Gender inequality regarding the transfer of citizenship could be remedied by taking the matter before an international court.
Rapporteurs at the 172nd session of the Inter-American Commission of Human Rights (IACHR) highlighted longstanding concerns over the issue and noted the failure of two constitutional referenda signaled a critical need for public education, The Tribune reported.
According to Minister of State for Legal Affairs Elsworth Johnson, the 2016 referendum cost the government over $1.57 million.
The matter was raised at the country’s thematic hearing in Jamaica on the rights of migrants and their children.
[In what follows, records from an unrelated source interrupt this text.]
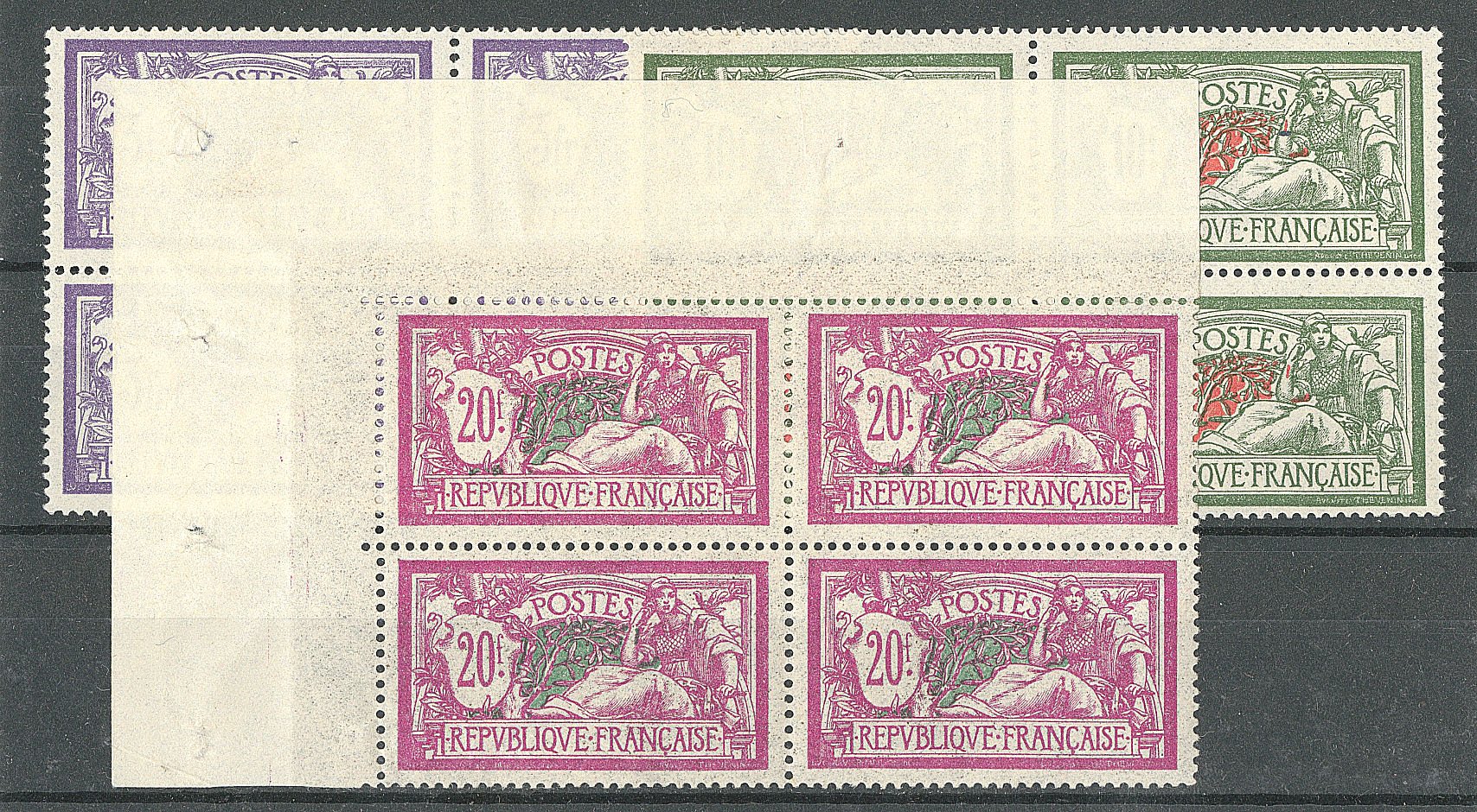 Merson. Nos 206 à 208 cdf, tous en bloc de quatre, très frais et bon centrage d'ensemble. - TB (cote Yvert: 4240€) (Image)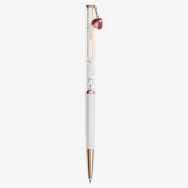 Add a touch of sparkle to every word with the Swarovski Crystalline Rose Gold Tone Plated Ladybird Pen. This elegant slimline ballpoint pen features a lacquered white barrel and a long transparent window filled with around 400 clear crystals for signature Swarovski brilliance. Finished with rose gold-tone plating and adorned with a charming red ladybird motif, symbolising protection and prosperity, it’s a timeless accessory for creativity, gifting, or everyday luxury.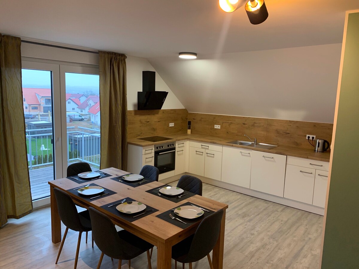 Dalhin ang buong pamilya sa magandang lugar na ito na may maraming espasyo para makapagpahinga ka. Sa balkonahe man, sa beach chair ng conservatory, o sa komunal na hardin, maraming lugar na matutuluyan. Ang apartment ay matatagpuan sa ika -1 palapag at may maluwag na living area na may window front sa berde. Bilang karagdagan sa dalawang silid - tulugan, ang bawat isa ay may 140cm na lapad na kama, mayroong dalawang iba pang mga single bed sa attic. Ang kusina ay bago at mahusay na kagamitan.
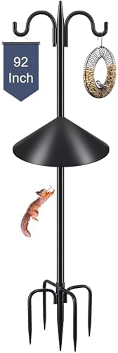 Gtongoko Bird Feeder Pole Squirrel Proof, 92 Inch Double Shepherds Hook for Outdoor with Squirrel Baffles Adjustable Heavy Duty with 5 Prongs Base for Hanging Plants, Bird Feeders, Black
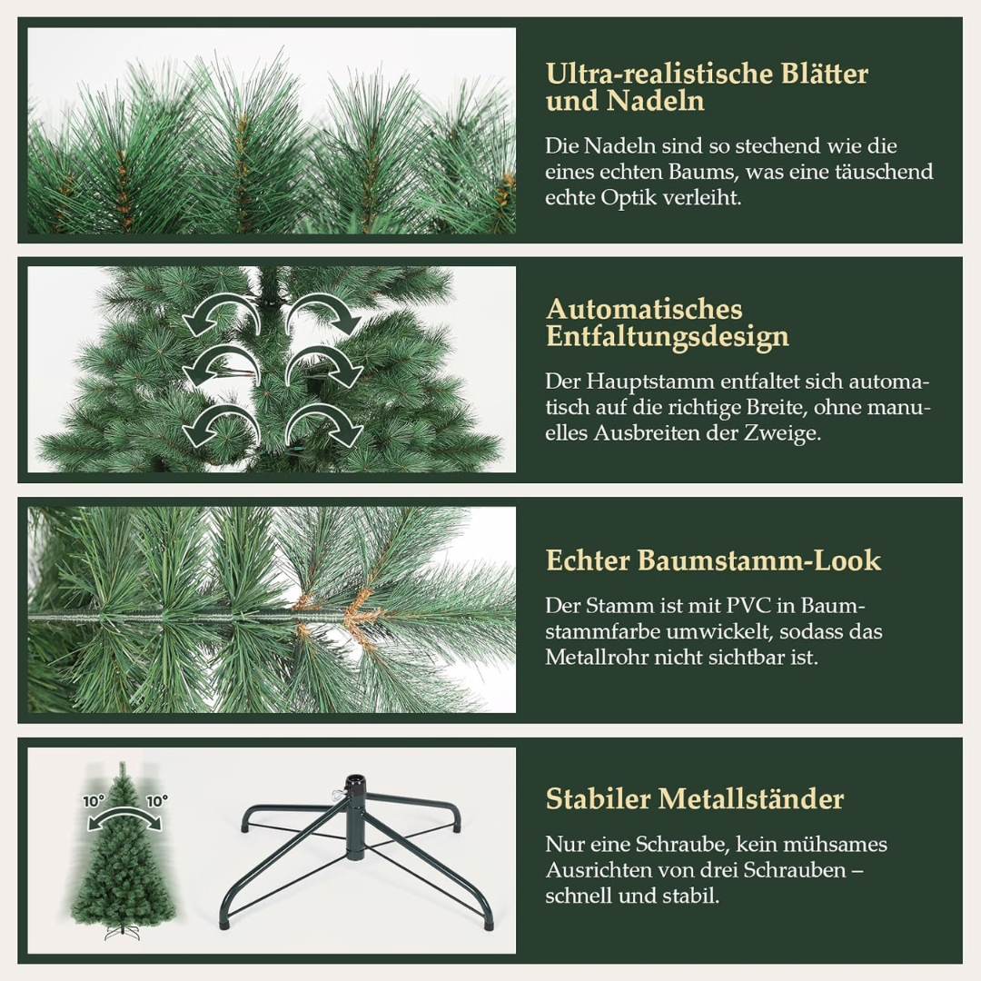 100 cm Extra großer Baumumfang – Mit einem Durchmesser von 100 cm wirkt der Baum besonders voll und beeindruckend, perfekt für eine festliche Präsentation.
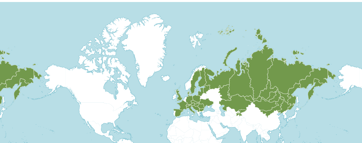 원산지는 아북극 및 중앙 유라시아에 넓게 분포한다.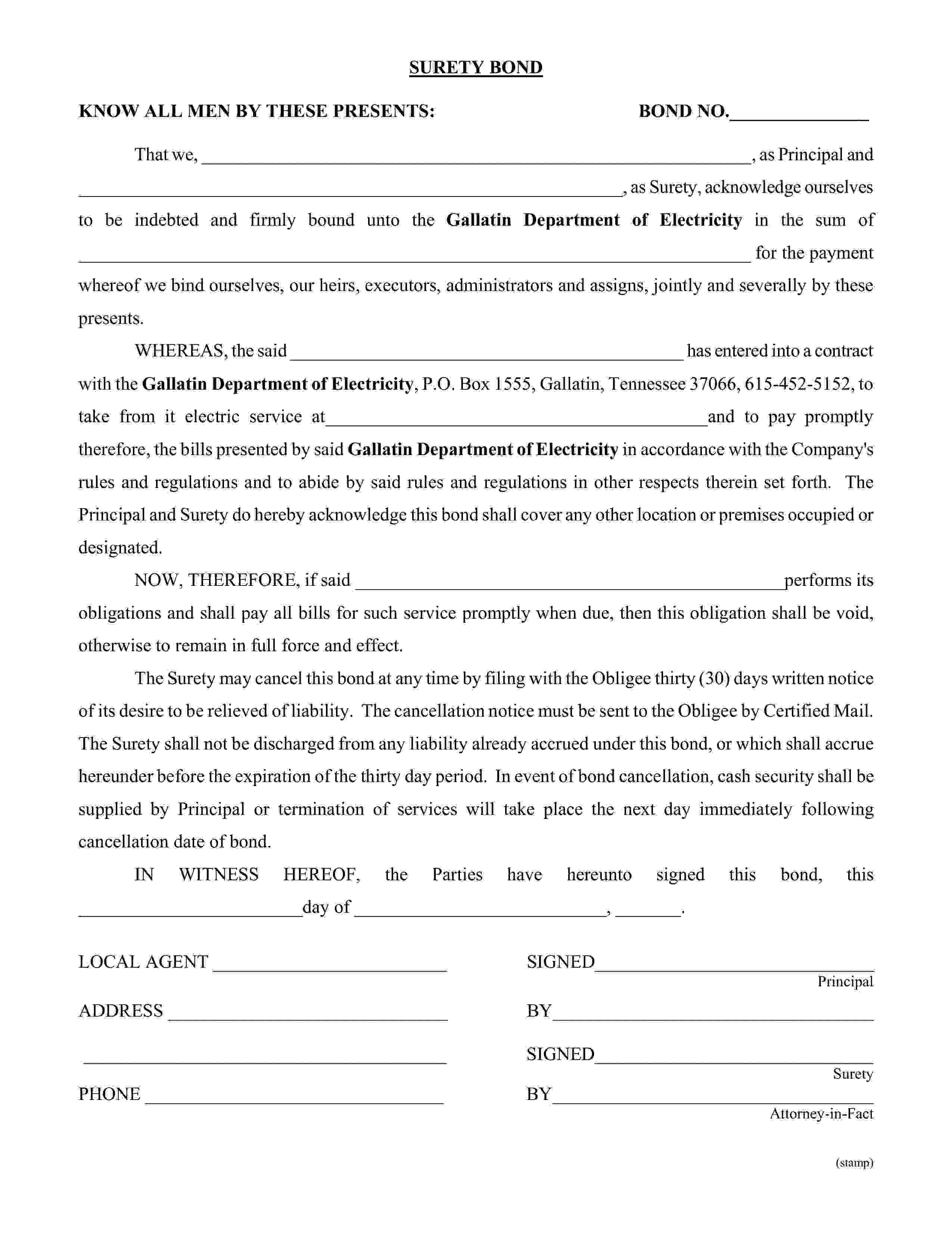 The Tennessee Gallatin Department of Electricity Utility Deposit Bond starts at $100 plus shipping costs and fees. Fill out the form to buy your bond instantly!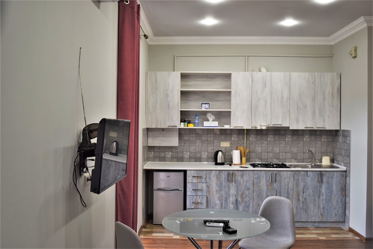 Diese neue Studiowohnung(in der Sayat-Nova-Straße) ist gemütlich und stilvoll. Es ist hell, hat hohe Decken und ist mit allem ausgestattet, was einen angenehmen Aufenthalt ermöglicht, als ob man in einem Hotel wäre. Verfügt über einen kleinen Balkon, WLAN 80mb/s Internet, 42"LED-TV, Kühlschrank, Waschmaschine, Mikrowelle, Toaster. Der Platz der Republik und der Platz der Freiheit (Opernhaus), Cafés/Restaurants, Parks, Galerien, Geschäfte, U-Bahn sind bis zu 5 Gehminuten entfernt. Meine Unterkunft eignet sich gut für Paare und Solo-Abenteurer. Platz für bis zu 2 Personen.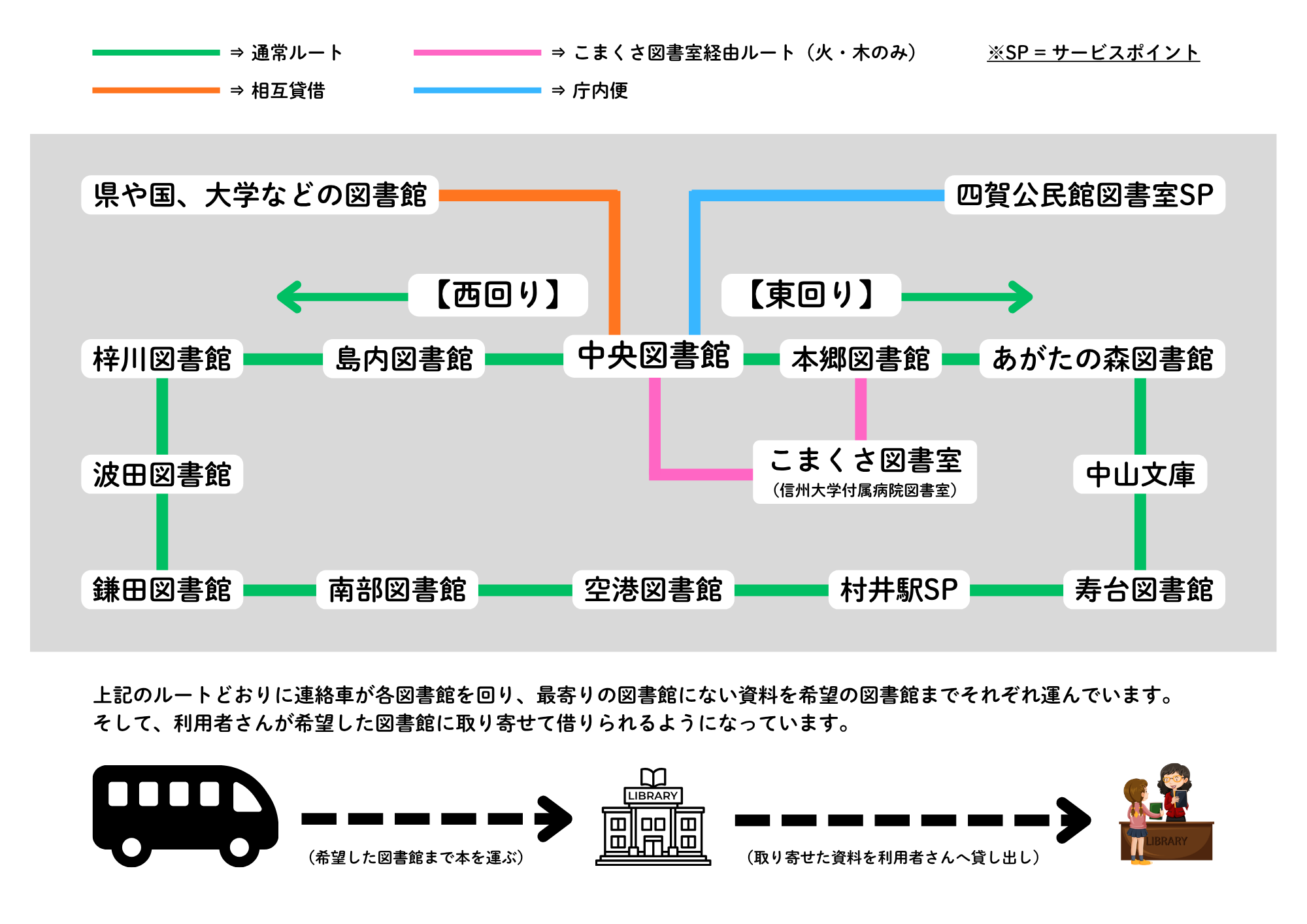 市民のみなさまは、どこでも身近な図書館で、図書資料の貸出、返却ができるほか、お近くの図書館にない図書資料でも、検索により所蔵のある図書館から連絡車で希望の図書館に取り寄せて借りていただくことができます。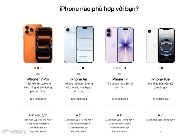 苹果越南官网已更新iPhone 17系列产品价格表。(截图)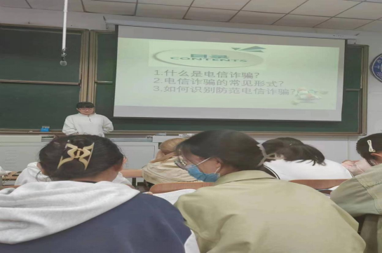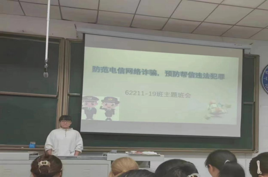 为进一步有效预防和遏制电信网络诈骗案件的发生,提高同学们自觉防范电信网络诈骗意识.在2023年5月22日19时,62211-19班于聚成楼三教开展了有关于“防范电信网络诈骗,预防帮信违法犯罪”的主题班会。本次班会由辅导员栗娜老师和学业导师王丽娟老师共同指导,梁淑芸同学主讲,全体同学参与其中。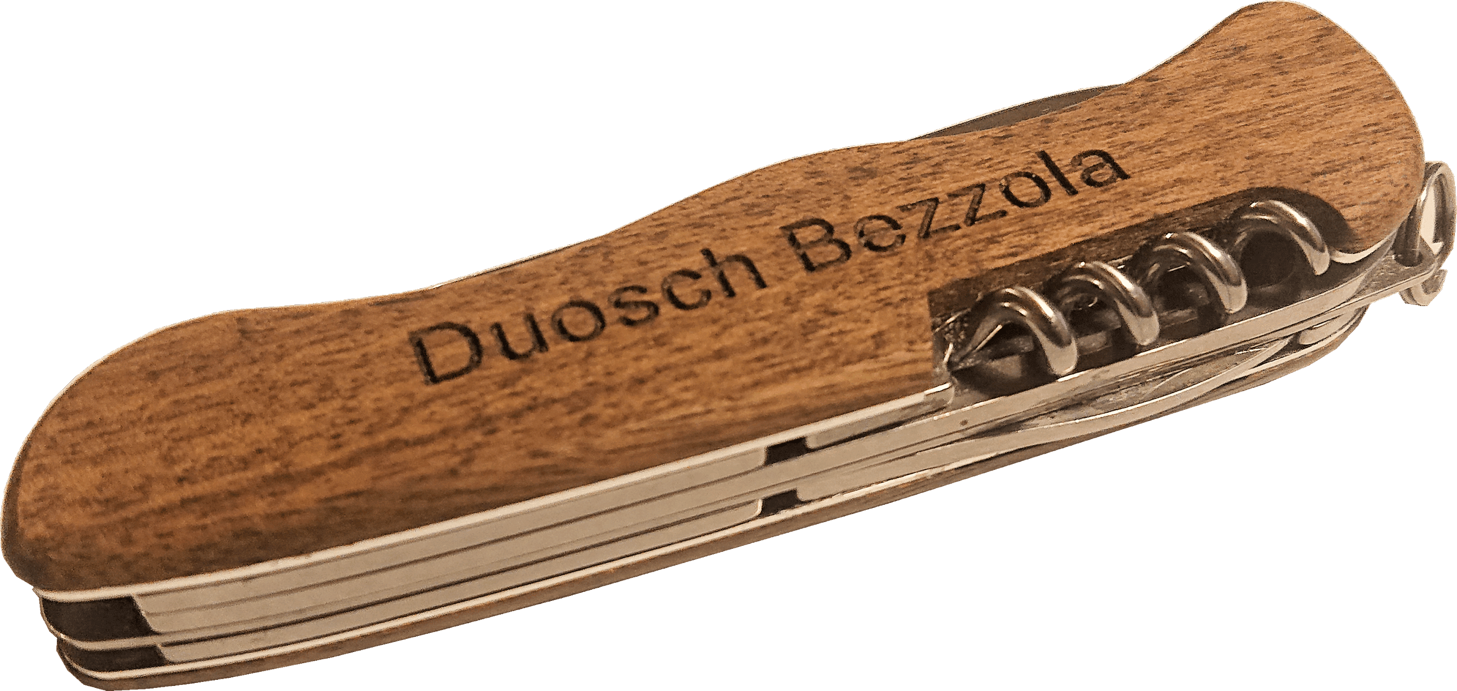 Sackmesser Modell Zernez mit Nussbaumschalen. Lasergravur vorne mit Logo Zernez und Hinten mit Name laut Angaben

However, Johnson argued that the largest number of persons affected by gendered provisions of the Constitution are Bahamian men and women and their descendants, not migrants.
“It is no secret that the Constitution of the Bahamas is not gender-neutral and treat men and women differently in and unequally with respect to their ability to transmit citizenship to their children and spouses,” he said, adding the government had spared no effort in trying to amend constitutional provisions.
Margarette Macaulay, IACHR’s Rapporteur on the Rights of Women, and Persons of African Descent and against Racial Discrimination, stressed the IACHR would prefer to work in partnership with the government instead of taking the matter to court.
Macaulay, a Jamaican jurist and pivotal figure in the the regional women’s movement, served as a judge of the Inter-American Court of Human Rights from 2007 to 2012. During that time, she contributed to the formulation of the Court’s Rules of Procedure.